Выбрать главу

Несколько томительно длинных секунд все стояли без движения. Лыков уже решил для себя, что в охотники не пойдет. Как это он может не вернуться? А мать? А больной отец? Конечно, вызываясь на войну, Алексей понимал, что может погибнуть. Но есть и шансы уцелеть! Прийти домой, обнять родных. К неизбежной смерти, выбранной по своей воле, Алексей был не готов. И, немного малодушно, ему сейчас очень захотелось, чтобы вперед вышли немногие. А таких, как он, оказалось большинство. Но тут секунды раздумий прошли, и каре зашевелилось.

Лыков стоял и смотрел, как люди выбирают для себя смерть. Было жутко, и при этом любопытно. За тем и шел на войну молодой парень, чтобы увидеть жизнь в высших ее проявлениях. Когда на кону твоя голова… И хотя война еще не началась, а выбор уже надо делать. И солдаты его сделали.

Вся лампасная пехота[2], как один человек, дружно шагнула вперед. Четыреста пятьдесят разных характеров – и полное единодушие! То же самое сделали стрелковые батальоны, ейские казаки, кутаисские милиционеры, грузинские и гурийские добровольцы.

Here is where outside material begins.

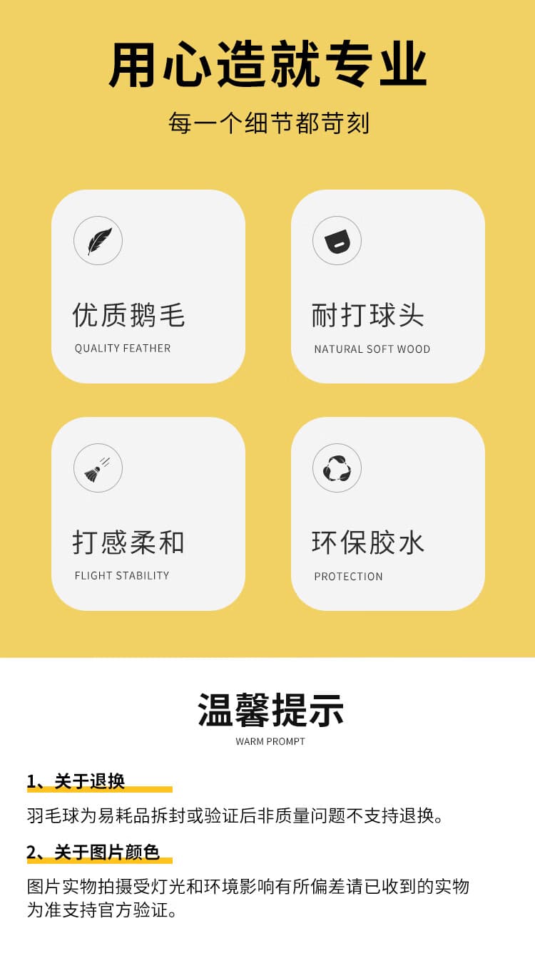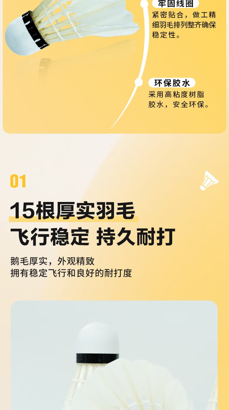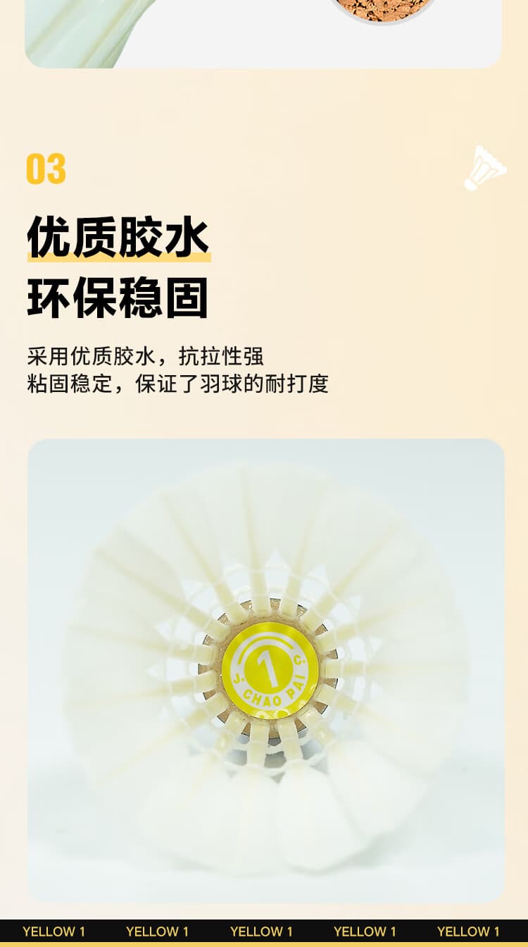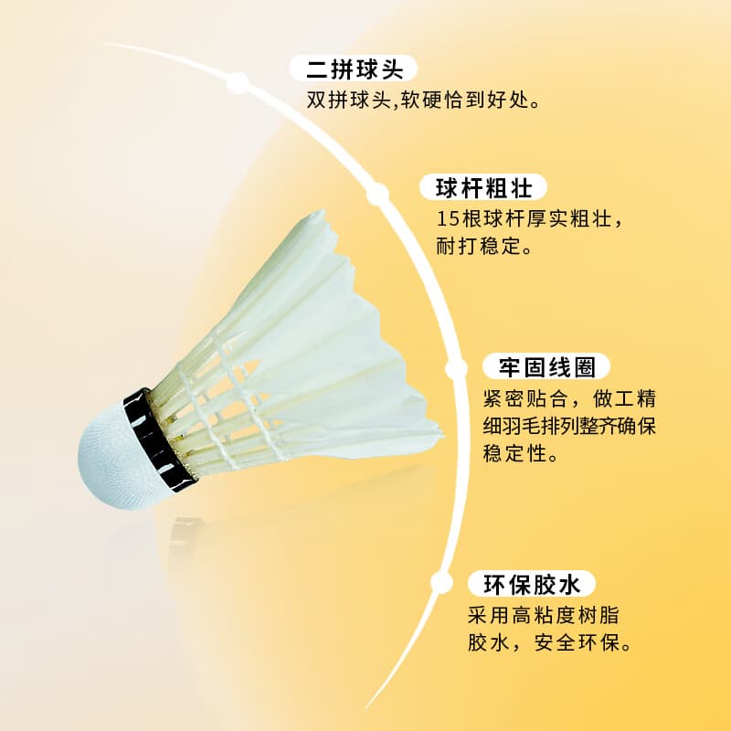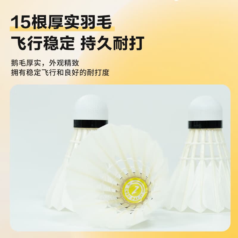 超牌 羽毛球 鹅毛球 黄超1号 15根羽毛 俱乐部训练球 耐打耐用 室内外可用 12个/筒 耐打稳定,适合俱乐部使用。

Пехотные полки поступили иначе. Хотя они давно воевали на Кавказе, имели славные традиции и числили в своих рядах множество храбрецов, шагнули вперед не все. В 164-м Закатальском, например, приблизительно две трети. А в 161-м Александропольском, на глазок, неизбежную смерть выбрали меньше половины.

Алексей с облегчением увидел, что на левом фланге каре из строя не вышел никто. И тут же устыдился. Вспомнил, что там стоят специальные части: понтонеры, саперы и отделение военно-полевого телеграфа. Кто же их отпустит в охотники? Не для того готовили много лет! Этим отборным людям путь в смертники заказан.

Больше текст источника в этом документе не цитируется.